USA News

She Lost Her Dad to Trump’s Killing Spree, Wants Biden to Clear His Name

Bethany Bourgeois-George unlocked the door to the aluminum mailbox of her downtown Vancouver condo on the morning of August 16, 2021, only to find the letter she had been dreading: a request from the U.S. Postal Service to pick up a package. Although the notice did not state what the package was or whom it was from, Bourgeois-George already knew — she had been expecting it for over eight months.

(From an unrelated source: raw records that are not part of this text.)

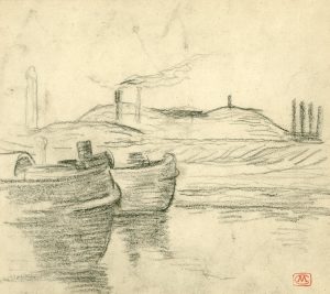 MEUNIER (Constantin). "Canal de Charleroi". Fusain sur papier, monogrammé du cachet rouge, monté sous passe-partout crème et cadre doré en bois. Dim. cadre : 31 x 33 cm ; sujet : 25 x 27 cm.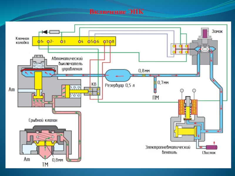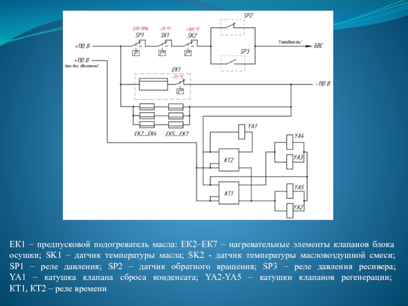 Слайд 25ЕК1 – предпусковой подогреватель масла: ЕК2–ЕК7 – нагревательные элементы клапанов блока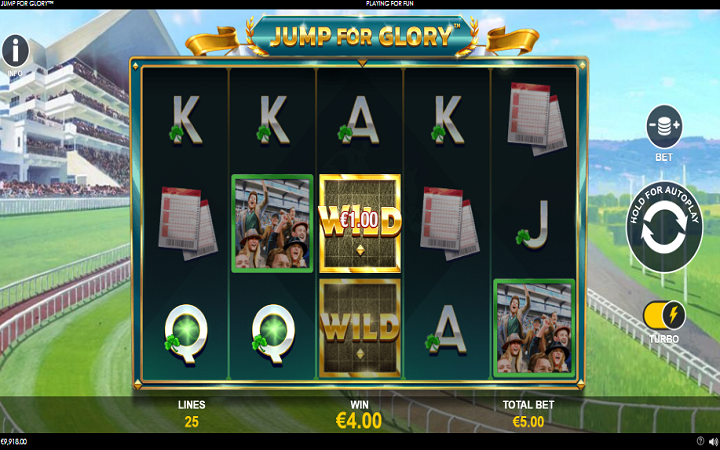 Jump For Glory je online slot koji ima pet kolona smještenih u tri reda i ima 25 fiksnih isplatnih linija. Da biste ostvarili bilo kakav dobitak potrebno je spojiti minimum dva ili tri odgovarajuća simbola na isplatnoj liniji.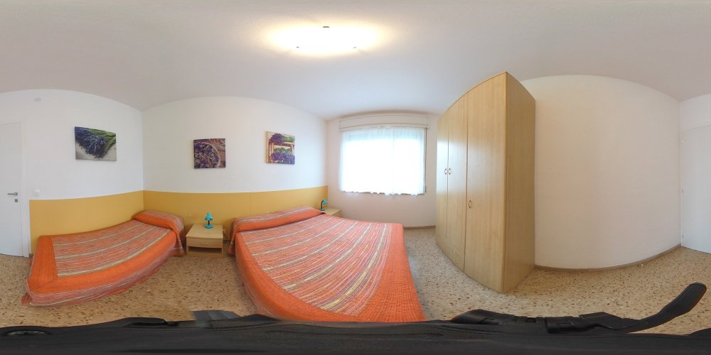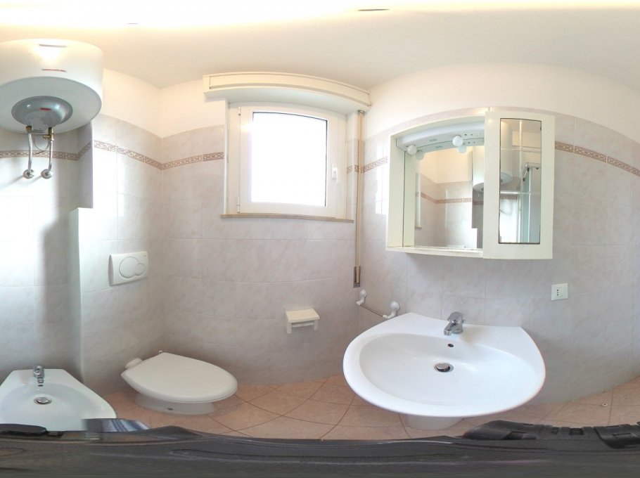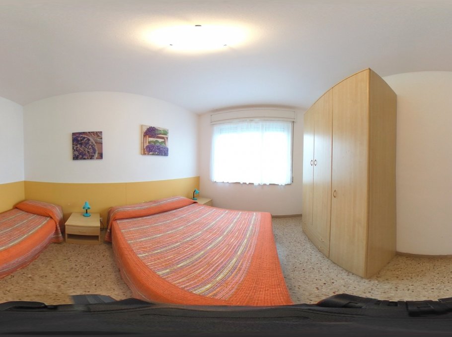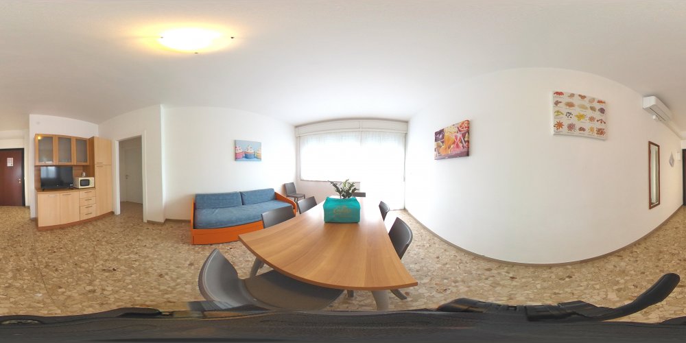 Dreiraumappartment bestehend aus einem Wohnraum mit Kochnische und Doppelschlafcouch,Tv und Mikrowelle, einem Dreibettzimmer, einem Zweibettzimmer, Badezimmer mit Duschkabine/Bidet/Wc, Balkon mit Sitzgarnitur und zwei Autoabstellplaetzen (davon einen ueberdacht). Klimaanlage, Wi-fi und Endreinigung sind im Preis inbegriffen. In den Mietbestimmungen der Agentur sind die Modalitaeten der obengenannten Dienste erklaert. Groesse des Autoabstellplatzes: 4,20x3,10x1,95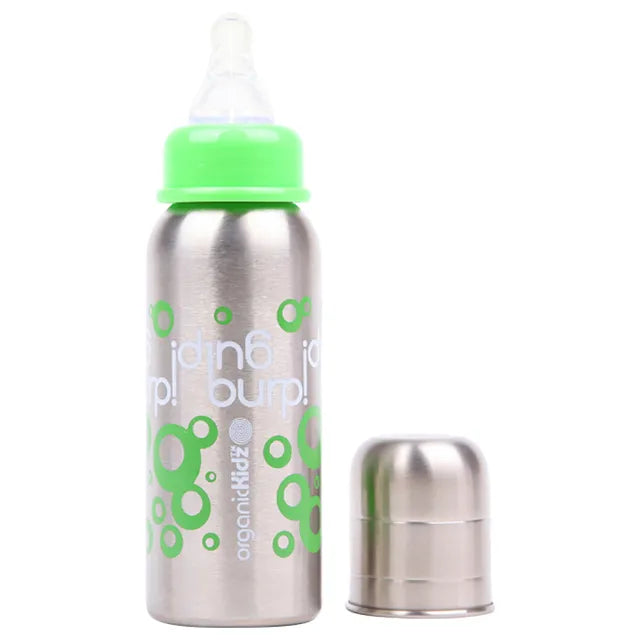 Our signature stainless steel Narrow Neck bottles feature a thin, tall body shape which is easy for baby to hold. Our Narrow Neck bottles include: accordion Flex peristaltic silicone vented nipple with a stretch and flex action that creates the ideal bottle feeding conditions and reduces the chance of gas or colic. Seal tight, leak-proof and color coordinated bottle ring that eliminates drippy messes during feeding stainless steel lid to keep the nipple clean and doubles as a 2oz measuring cup for perfect breast milk measuring and preparing formula.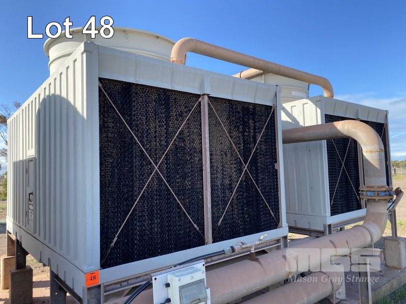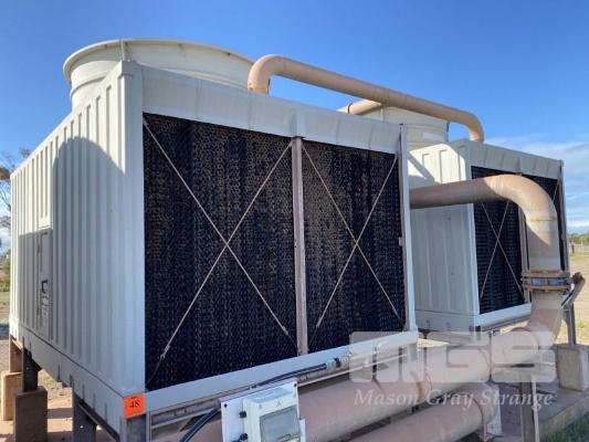 PAIR POWER THERMAL COOLING TOWERS ON GALV STANDS, 2.2m DIAMETER FAN, 2.6 x 2.4 x 3.4m (H), WITH LINK PIPES, 415v (NO PUMP) NOTE: DISCONNECTION AT FIRST VALVE)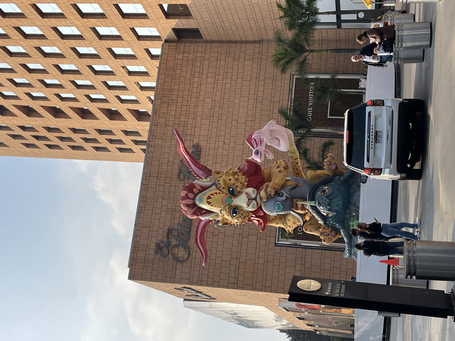 A large, colorful sculpture featuring a jaguar, a turtle, and a pink creature stands outside a building, next to a Louis Vuitton store, with a Saks Fifth Avenue sign visible. People are standing near the sculpture. A white SUV is parked nearby. Another building with a grid-like pattern of windows is also visible, along with a clear sky.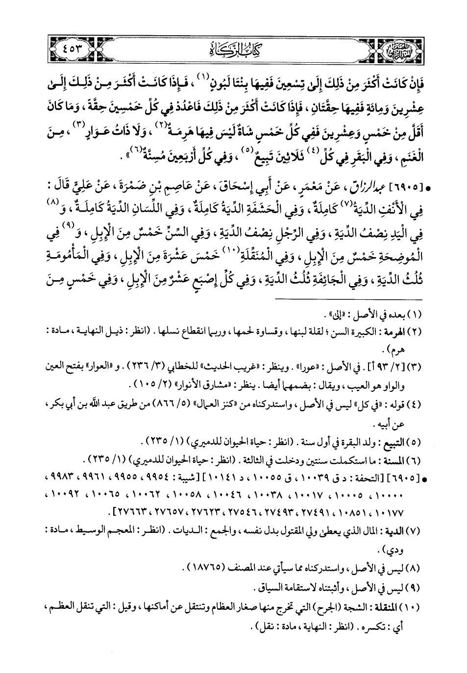6905- عبد الرزاق، عَنْ مَعْمَرٍ، عَنْ أَبِي إِسْحَاقَ، عَنْ عَاصِمِ بْنِ ضَمْرَةَ، عَنْ عَلِيٍّ، قَالَ: فِي الأَنْفِ الدِّيَةُ كَامِلَةٌ، وَفِي الْحَشَفَةِ الدِّيَةُ كَامِلَةٌ، وَفِي اللَّسَانِ الدِّيَةُ كَامِلَةٌ، وَفِي الْيَدِ نِصْفُ الدِّيَةِ، وَفِي الرِّجْلِ نِصْفُ الدِّيَةِ، وَفِي السِّنِّ خَمْسٌ مِنَ الإِبِلِ، وَفِي المُوضِحَةِ خَمْسٌ مِنَ الإِبِلِ، وَفِي المُنْقَلَةِ خَمْسَ عَشْرَةَ مِنَ الإِبِلِ، وَفِي المَأْمُومَةِ ثُلُثُ الدِّيَةِ، وَفِي الْجَائِفَةِ ثُلُثُ الدِّيَةِ، وَفِي كُلِّ إِصْبَعٍ عَشْرٌ مِنَ الإِبِلِ، وَفِي خَمْسٍ مِنَ الإِبِلِ شَاةٌ، وَفِي كُلِّ عَشْرٍ شَاتَانِ، وَفِي خَمْسَ عَشْرَةَ ثَلاَثُ شِيَاهٍ، وَفِي كُلِّ عِشْرِينَ أَرْبَعُ شِيَاهٍ، وَفِي خَمْسٍ وَعِشْرِينَ خَمْسُ شِيَاهٍ، وَفِي سِتٍّ وَعِشْرِينَ بِنْتُ مَخَاضٍ، فَإِنْ لَمْ تَكُنْ بِنْتُ مَخَاضْ فَابْنُ لَبُونٍ ذَكَرٍ، حَتَّى تَبْلُغَ خَمْسًا وَثَلاَثِينَ، فَإِذَا زَادَتْ واحِدَةً فَفِيهَا بِنْتُ لَبُونَ، حَتَّى تَبْلُغَ خَمْسًا وَأَرْبَعِينَ، فَإِذَا زَادَتْ وَاحِدَةً فَفِيهَا حِقَّةٌ طَرُوقَةُ الْفَحْلِ، أَوْ قَالَ: الْجَمَلِ، حَتَّى تَبْلُغَ سِتِّينَ، فَإِذَا زَادَتْ وَاحِدَةً فَفِيهَا جَذَعَةً، حَتَّى تَبْلُغَ خَمْسًا وَسَبْعِينَ،.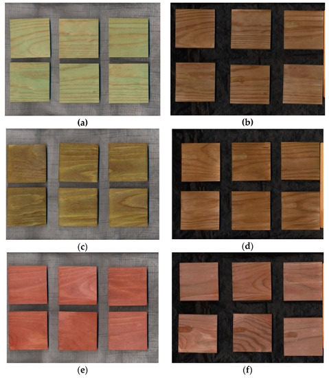 1. Sandak, A.; Sandak, J.; Dimitriou, A.; Burud, I.; Thiis, T.K.; Gobakken, L.R.; Ormondroyd, G.A.; Kraniotis, D. Assessment and monitoring of aesthetic appearance of building biomaterials during the service life. WIT Trans. Ecol. Environ. 2017, 226, 527–536. [Google Scholar] [CrossRef]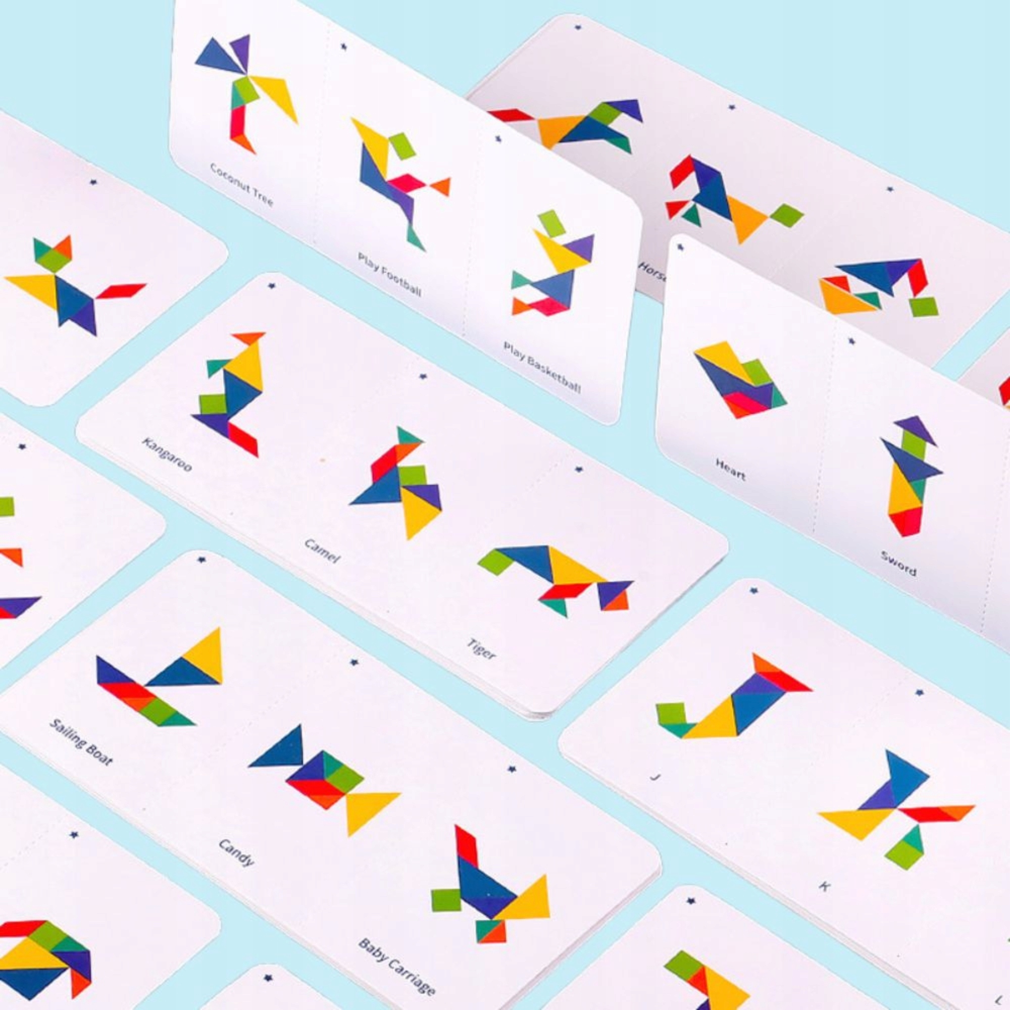 Набір містить аж 40 міцних двосторонніх карток, завдяки яким складати танграми стає ще цікавіше. Кожна картка має два рівні складності: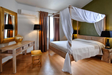 L'hôtel est situé dans un manoir du XIXe siècle, plein de caractère et de charme authentique. Les chambres sont dotées de murs en pierres apparentes, de lits à baldaquin et de balcons donnant sur la rue piétonne en contrebas. À seulement quatre minutes du port vénitien, vous trouverez de nombreux restaurants de bord de mer à proximité.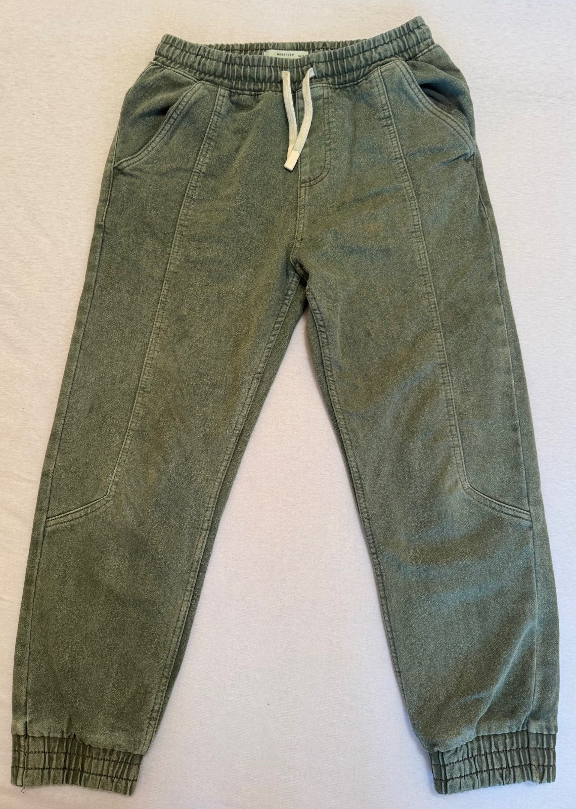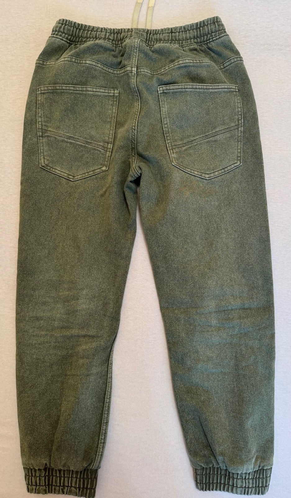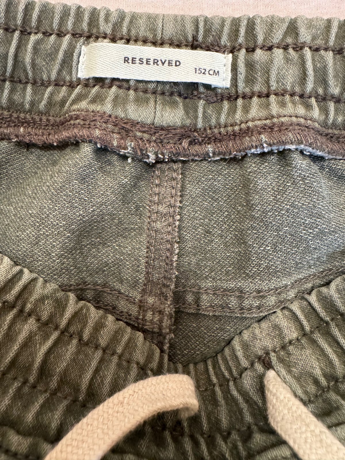 Málo nosené rifľové nohavice, mäkký materiál, dolu na gumičku a na zaťahovanie v páse. Pekný nosený stav, bez poškodení. Veľ. 152 zodpovedá.
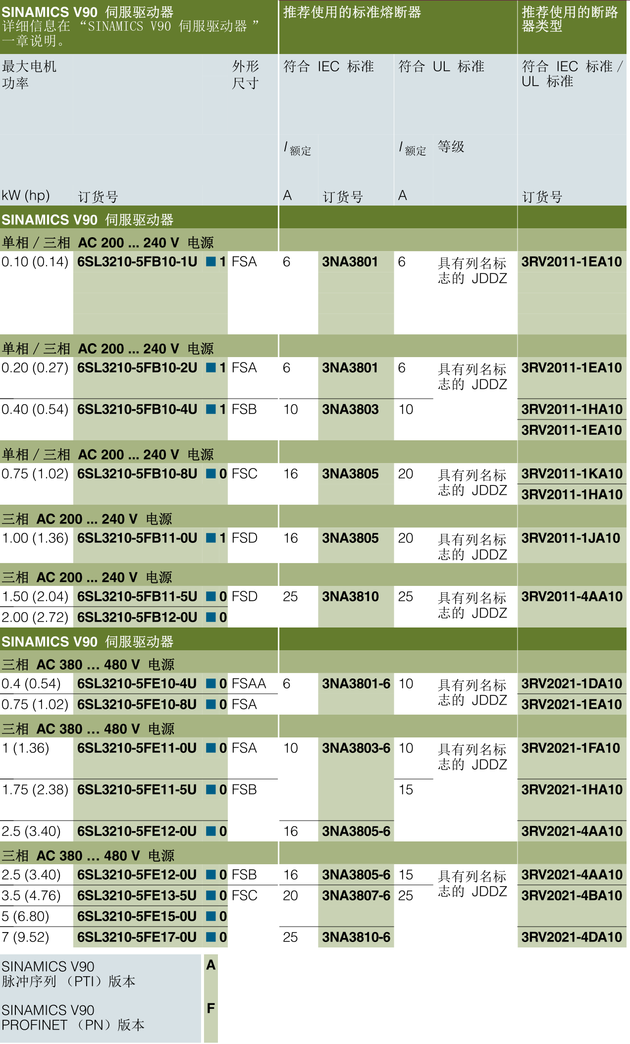 保护熔断器及断路器(推荐使用的进线侧过电流保护装置)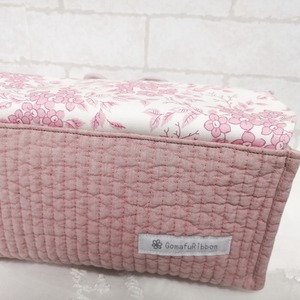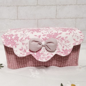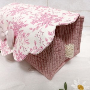 スカラップリボンの布バスケット ヌビ ピンクの花 くすみピンク無地のふわふわリボン

When Bourgeois-George later picked up the box, she was shocked by how heavy it was. Then, she looked down at her hands. They were covered with a gray, dusty substance. The ashes of her father, Alfred Bourgeois, were seeping out.

“The ashes were so heavy and I didn’t expect that. It was like a punch to the gut because it just reminded me of him as a person, like a heavy human being. And then there he was, just minimized to ashes,” Bourgeois-George said.

As she looked inside the box, she realized it was the closest she had been to her father in almost 19 years, since the day of her high school graduation dinner in LaPlace, Louisiana. They had shared a deep embrace when they said their goodbyes. Bourgeois-George didn’t think much of it, but then a month passed without hearing from him.

She would eventually learn that he had been arrested in Corpus Christi, Texas, for the sexual abuse and murder of his 2-year-old daughter, Ja’karenn Gunter, Bourgeois-George’s half sister. He was convicted on federal charges in 2002 and maintained his innocence until his death. The Trump administration executed the 56-year-old Bourgeois in December 2020, despite evidence of an intellectual disability that would make his execution unconstitutional. He was the 10th out of 13 people executed in an unprecedented federal killing spree.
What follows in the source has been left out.